4. Further to our comments in the Annexure referred to in paragraph 3
above, we report that:
(a) We have obtained all the information and explanations, which to the
best of our knowledge and belief were necessary for the purposes of our
audit;
(b) In our opinion, proper books of account as required by law have
been kept by the Company so far as appears from our examination of
those books and proper returns adequate for the purposes of our audit
have been received from the branches not visited by us. The branch
auditors reports have been forwarded to us and have been appropriately
dealt with;
(c) The Balance Sheet, Profit and Loss Account and Cash Flow Statement
dealt with by this report are in agreement with the books of account
and with the audited returns from the branches;
(d) In our opinion, the Balance Sheet, Profit and Loss Account and Cash
Flow Statement dealt with by this report comply with the accounting
standards
referred to in sub-section (3C) of Section 211 of the Companies Act,
1956, in so far as they apply to the Housing Finance Company;
(e) On the basis of the written representations received from the
directors, as on March 31, 2011, and taken on record by the Board of
Directors, we report that none of the directors is disqualified as on
March 31, 2011 from being appointed as a director in terms of clause
(g) of sub-section (1) of Section 274 of the Companies Act, 1956;
(f) In our opinion and to the best of our information and according to
the explanations given to us, the said accounts read with the
significant accounting policies and notes thereon, give the information
required by the Companies Act, 1956, in the manner so required, and
give a true and fair view in conformity with the accounting principles
generally accepted in India:
(i) in the case of the Balance Sheet, of the state of affairs of the
Company as at March 31, 2011;
(ii) in the case of the Profit And Loss Account, of the profit for the
year ended on that date; and
(iii) in the case of the Cash-flow statement, of the cash-flows for the
year ended on that date.
Annexure to the Auditors Report
Annexure to the Auditors Report referred to in paragraph 4 of our
Report of even date to the Members of LIC Housing Finance Limited on
the accounts for the year ended March 31, 2011
(i) (a) The Company has maintained proper records showing full
particulars, including quantitative details and situation of fixed
assets.
(b) The fixed assets have been physically verified by the management
during the year. In our opinion, the frequency of verification is
reasonable. According to the information and explanations given to us,
no material discrepancies were noticed on such verification.

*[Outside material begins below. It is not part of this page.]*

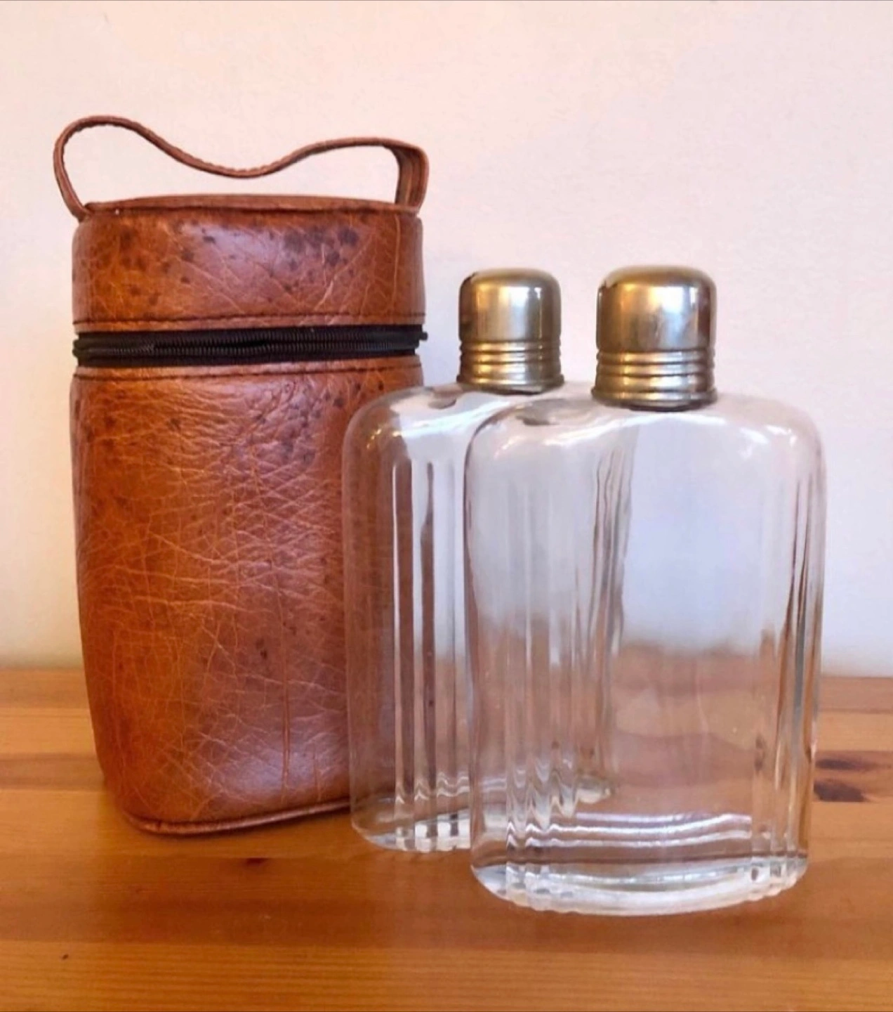 Selling a vintage twin flask set! It comes with two 12 oz wine flasks and a jigger, all neatly stored in a stylish leather case. A unique addition to any collection or a great gift for the vintage enthusiast
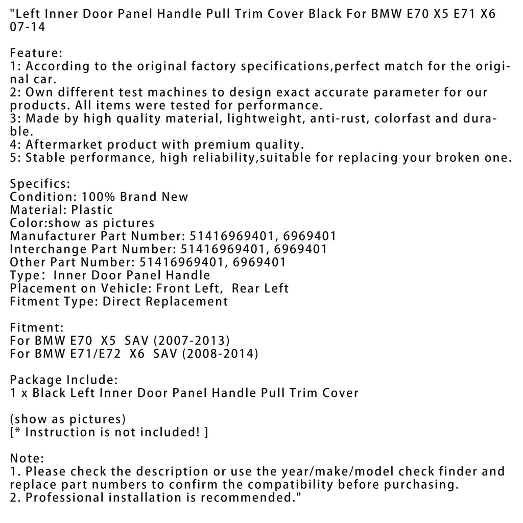 Levá vnitřní klika dveřního panelu Vytahovací kryt černý Pasuje na BMW E70 X5 E71 X6 07-14

(c) The fixed assets disposed off during the year, in our opinion, do
not constitute a substantial part of the fixed assets of the Company
and such disposal has, in our opinion, not affected the going concern
status of the Company.
(ii) As the Company does not have inventory, the Clauses (ii)(a) to
(ii)(c) of Para 4 of the Order are not applicable to the Company.
(iii) (a) According to the information and explanations given to us,
the Company has not granted any loans, secured or unsecured, to
companies, firms or other parties covered in the register maintained
under Section 301 of the Companies Act, 1956. Accordingly, sub-clause
(b), (c) and (d) are not applicable.
(b) According to the information and explanations given to us, the
Company has not taken any loans, secured or unsecured from companies,
firms or other parties covered in the register maintained under section
301 of the Companies Act, 1956. Accordingly, sub-clause (f) and (g)
are not applicable.
(iv) In our opinion and according to the information and explanations
given to us, there is an adequate internal control system commensurate
with the size of the Company and the nature of its business with regard
to purchase of fixed assets and for sale of services. The nature of the
Companys business is such that it does not involve purchase and sale
of goods. During the course of our audit, we have not observed any
major weaknesses in the aforesaid internal control system.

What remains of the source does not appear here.